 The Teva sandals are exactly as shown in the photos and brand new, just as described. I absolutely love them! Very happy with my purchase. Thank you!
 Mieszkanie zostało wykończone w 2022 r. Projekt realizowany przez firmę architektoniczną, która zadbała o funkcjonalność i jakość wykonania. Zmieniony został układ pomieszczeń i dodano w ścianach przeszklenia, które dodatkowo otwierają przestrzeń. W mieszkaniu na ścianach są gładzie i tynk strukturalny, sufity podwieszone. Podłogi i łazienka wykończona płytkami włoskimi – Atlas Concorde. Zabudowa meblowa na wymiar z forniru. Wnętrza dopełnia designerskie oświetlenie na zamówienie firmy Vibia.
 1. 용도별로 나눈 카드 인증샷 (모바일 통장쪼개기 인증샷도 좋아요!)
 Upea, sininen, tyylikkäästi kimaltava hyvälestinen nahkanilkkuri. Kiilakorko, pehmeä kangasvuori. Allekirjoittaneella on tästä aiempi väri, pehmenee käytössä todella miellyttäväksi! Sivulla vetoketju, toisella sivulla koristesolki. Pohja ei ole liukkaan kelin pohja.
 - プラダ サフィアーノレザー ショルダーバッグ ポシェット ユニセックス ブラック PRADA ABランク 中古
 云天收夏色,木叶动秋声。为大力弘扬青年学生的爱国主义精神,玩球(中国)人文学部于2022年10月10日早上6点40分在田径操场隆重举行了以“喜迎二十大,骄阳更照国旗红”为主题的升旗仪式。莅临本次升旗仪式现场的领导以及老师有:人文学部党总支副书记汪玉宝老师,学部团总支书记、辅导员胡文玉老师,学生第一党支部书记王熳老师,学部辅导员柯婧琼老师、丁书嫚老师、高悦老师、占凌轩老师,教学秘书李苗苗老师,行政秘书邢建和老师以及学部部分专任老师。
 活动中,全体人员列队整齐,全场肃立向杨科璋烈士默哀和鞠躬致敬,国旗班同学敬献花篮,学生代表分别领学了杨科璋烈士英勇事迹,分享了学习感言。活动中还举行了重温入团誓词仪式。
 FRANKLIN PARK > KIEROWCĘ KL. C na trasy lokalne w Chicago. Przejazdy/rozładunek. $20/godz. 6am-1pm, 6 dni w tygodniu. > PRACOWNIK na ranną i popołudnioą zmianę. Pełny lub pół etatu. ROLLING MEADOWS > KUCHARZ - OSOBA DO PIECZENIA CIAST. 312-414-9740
★ ★ ★ ★ ★
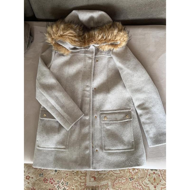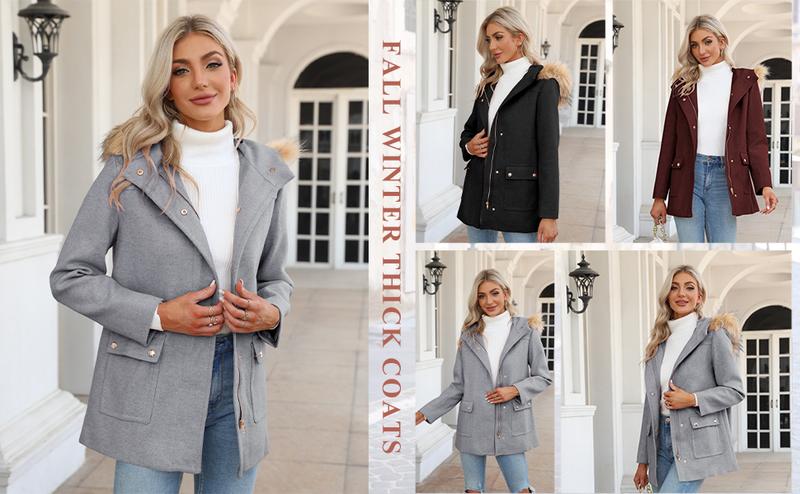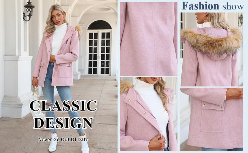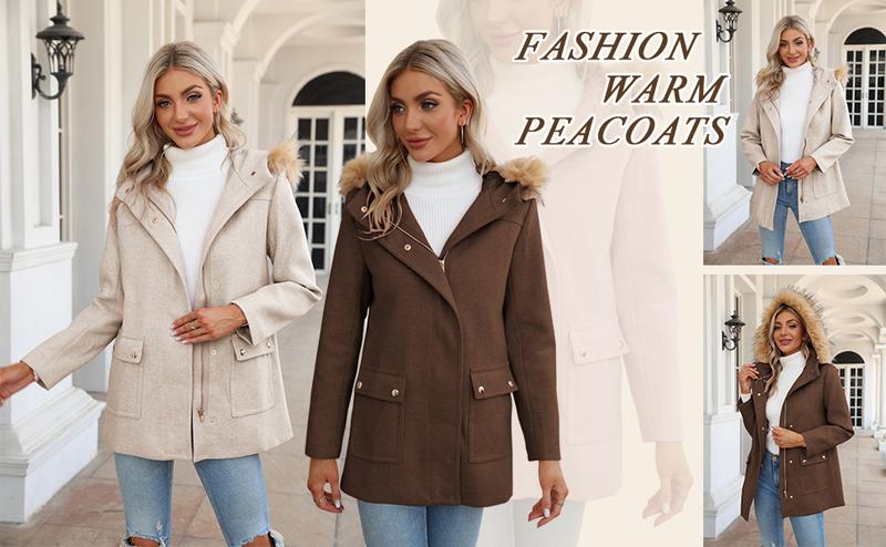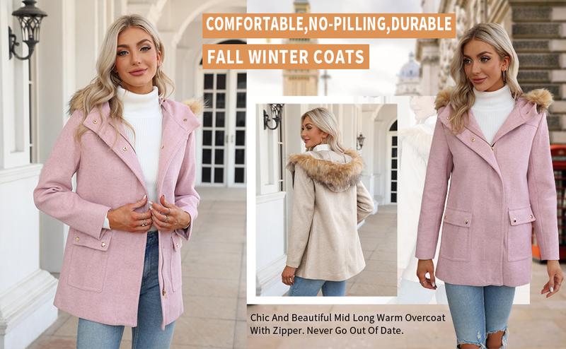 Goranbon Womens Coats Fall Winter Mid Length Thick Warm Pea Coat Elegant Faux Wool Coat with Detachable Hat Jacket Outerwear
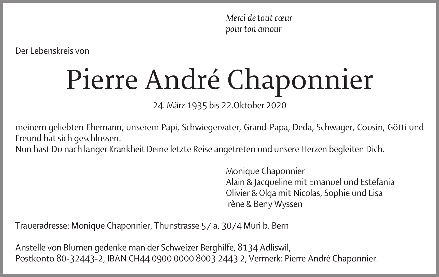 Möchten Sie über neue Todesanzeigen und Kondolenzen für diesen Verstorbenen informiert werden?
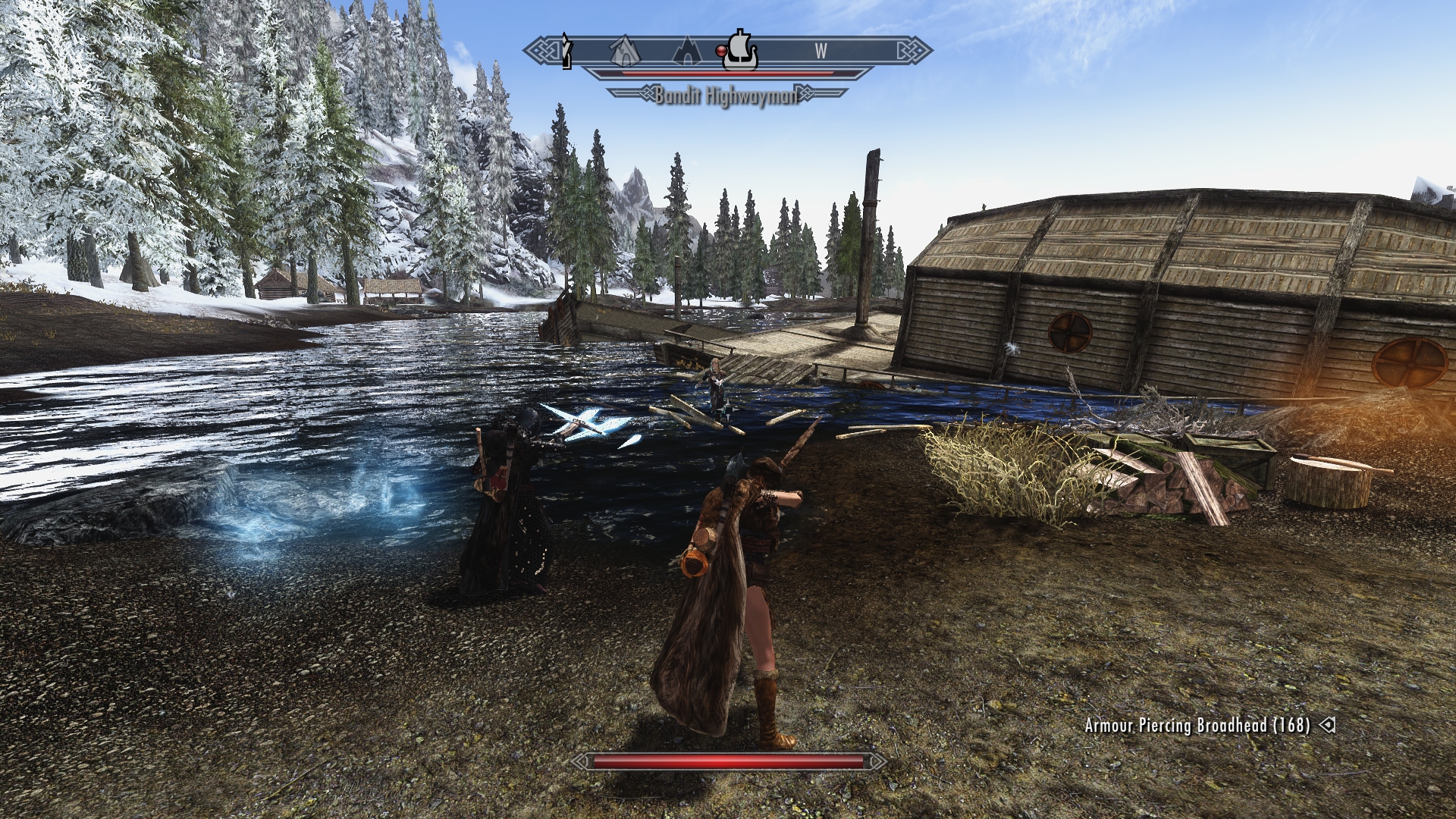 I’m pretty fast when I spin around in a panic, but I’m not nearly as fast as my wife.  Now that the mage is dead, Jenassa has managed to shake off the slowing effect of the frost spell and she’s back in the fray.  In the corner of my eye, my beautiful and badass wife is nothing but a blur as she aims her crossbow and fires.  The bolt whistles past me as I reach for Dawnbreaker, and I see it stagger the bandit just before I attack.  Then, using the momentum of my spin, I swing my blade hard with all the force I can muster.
★ ★ ★ ★ ★
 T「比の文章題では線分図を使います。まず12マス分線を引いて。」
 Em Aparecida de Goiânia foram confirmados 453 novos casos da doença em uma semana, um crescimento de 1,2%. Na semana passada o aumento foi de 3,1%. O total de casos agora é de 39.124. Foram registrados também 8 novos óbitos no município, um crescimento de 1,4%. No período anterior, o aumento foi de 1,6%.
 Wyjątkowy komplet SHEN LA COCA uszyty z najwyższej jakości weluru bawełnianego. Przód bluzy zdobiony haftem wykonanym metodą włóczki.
★ ★ ★ ★ ★
DIRECTIONS FOR THIS TASK:
The listing above holds a line with "- プラダ サフィアーノレザー" and a line with "活动中,全体人员列队整齐,全". Print the stretch from the first through the second, exactly and alone.

TASK RESULT:
 - プラダ サフィアーノレザー ショルダーバッグ ポシェット ユニセックス ブラック PRADA ABランク 中古
 云天收夏色,木叶动秋声。为大力弘扬青年学生的爱国主义精神,玩球(中国)人文学部于2022年10月10日早上6点40分在田径操场隆重举行了以“喜迎二十大,骄阳更照国旗红”为主题的升旗仪式。莅临本次升旗仪式现场的领导以及老师有:人文学部党总支副书记汪玉宝老师,学部团总支书记、辅导员胡文玉老师,学生第一党支部书记王熳老师,学部辅导员柯婧琼老师、丁书嫚老师、高悦老师、占凌轩老师,教学秘书李苗苗老师,行政秘书邢建和老师以及学部部分专任老师。
 活动中,全体人员列队整齐,全场肃立向杨科璋烈士默哀和鞠躬致敬,国旗班同学敬献花篮,学生代表分别领学了杨科璋烈士英勇事迹,分享了学习感言。活动中还举行了重温入团誓词仪式。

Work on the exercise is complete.